Second, through upgrades to rural infrastructure, the government can build a network of rural elderly care services and ensure the efficient transmission of demand data and service delivery. The deployment of medical AI systems, such as those developed by DeepSeek and Huawei, can help overcome geographic constraints in rural areas, helping balance the development of elderly care services across urban and rural China.

Aging-driven, inclusive sharing

In an era in which population aging and digitalization are deeply intertwined, technological empowerment is reshaping the lifestyles of older adults in unprecedented ways. Beyond meeting their practical needs, it is also opening new avenues for the silver economy, with broader implications for economic growth and wealth creation. With the active participation of the government, businesses, and social organizations, emerging elderly care sectors—such as financial services, smart products, and intelligent health and wellness services geared toward older adults—are thriving.

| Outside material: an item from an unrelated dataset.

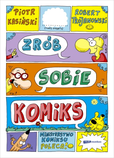(dymek – Pik) Hej to ja Pik! A to Robi, jesteś tam? Pochodzimy z tajnej organizacji –Ministerstwa Komiksu! Nauczymy Cię jak w łatwy sposób narysować swój komiks! (dymek – Robi) No pewnie! Kreska po kresce, dymek po dymku! W końcu władamy ołówkami jak nie byle kto! (dymek – Pik) Wiedziałem, że mogę na Ciebie liczyć! Na początku pokażemy Ci jak stworzyć bohatera komiksu, jak dopisać mu emocje – co ma wymalowane na twarzy, co mu chodzi po głowie, a może i burczy w brzuchu? Ale to Ty zrobisz sobie komiks! Swój własny, niepowtarzalny! (dymek – Robi) Brawo! A dla bardziej zaawansowanych też mamy parę pików w rękawie! Prawda Pik? (dymek – Pik) No pewnie! Pochowałem mnóstwo komiksowych sztuczek! A robi się to tak…
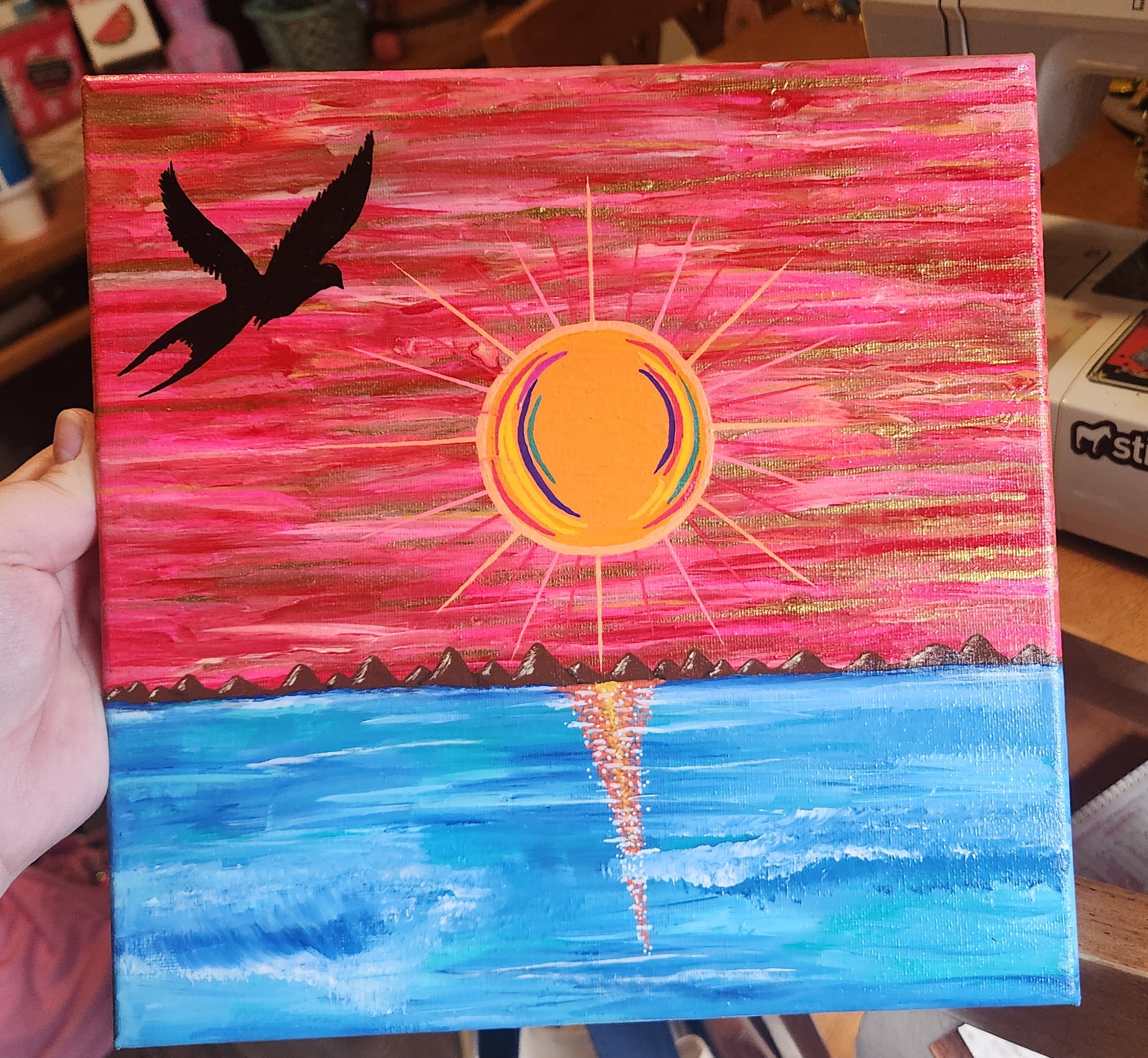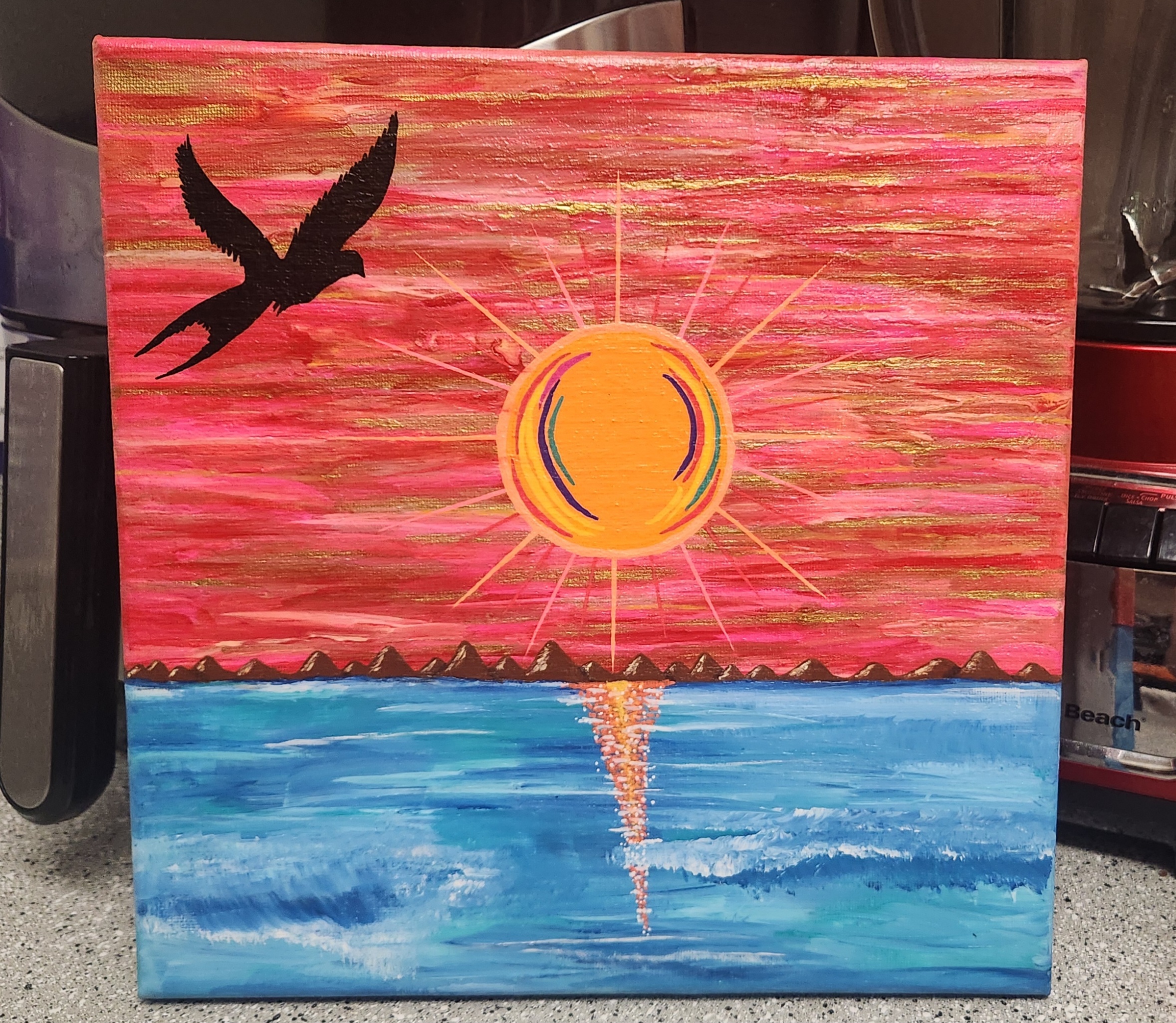 Original sunset ocean painting - Acrylic, gel pens, Posca and Sharpie paint pens, and gloss medium - 12" x 12" - signed and dated on the back

They contribute to the accumulation of uniquely vibrant “silver wealth” while also boosting productivity in other industries, generating and amplifying positive value.

In February 2025, the International Electrotechnical Commission released a China-led international standard for elderly care robots. The move underscores China’s growing position at the forefront of technological model development and AI-driven digital–intelligent empowerment, while highlighting its continued use of these technologies to advance development in an aging society.

An age-friendly society is both a social ecosystem and a digital-intelligent ecosystem. Its “friendliness” is reflected not only in the continuous use of technology to meet the needs of older adults, but also in the synergy between the wisdom of older generations and the digital intelligence enabled by technological progress. Across social groups and industries, productive activity will increasingly center on value creation distinctive to the “silver era,” extending the benefits of social, economic, technological, and cultural advancement more broadly across society.

 

Wu Zhengyang is from the School of Public Administration at Jilin University of Finance and Economics.